__PROMPT__:
From the line with "The photo that" to the final line of the data below, please write out every line exactly, with no pictures.
[RECORDED DATA]
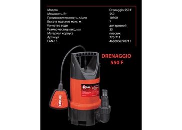 - Дренажный насос ERGUS Drenaggio 550 F (550Вт, высота до 7 м, до 10500 л час, грязная вода) по выгодной цене 1 450 р. руб.;
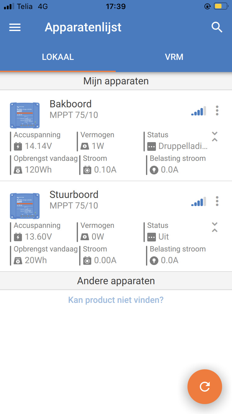 The photo that is showing the different voltige on te “bakboord” and the “stuurboord” mppt is a photo taken while the boat was connected to the 230v battery charger. The data that is displayed on the “stuurboord” mppt is at least 2 days old.
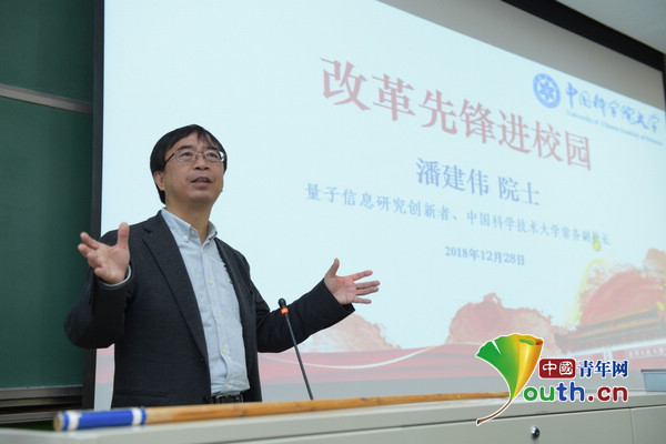 12月28日,潘建偉院士在成立于1978年、與改革開放同頻共振的中國科學院大學做了一場精彩的報告,第一教學樓101報告廳人山人海,過道和門口都擠滿了學生,另外開辟的直播教室也座無虛席。
[/RECORDED DATA]
__RESULT BELOW__:
 The photo that is showing the different voltige on te “bakboord” and the “stuurboord” mppt is a photo taken while the boat was connected to the 230v battery charger. The data that is displayed on the “stuurboord” mppt is at least 2 days old.
 12月28日,潘建偉院士在成立于1978年、與改革開放同頻共振的中國科學院大學做了一場精彩的報告,第一教學樓101報告廳人山人海,過道和門口都擠滿了學生,另外開辟的直播教室也座無虛席。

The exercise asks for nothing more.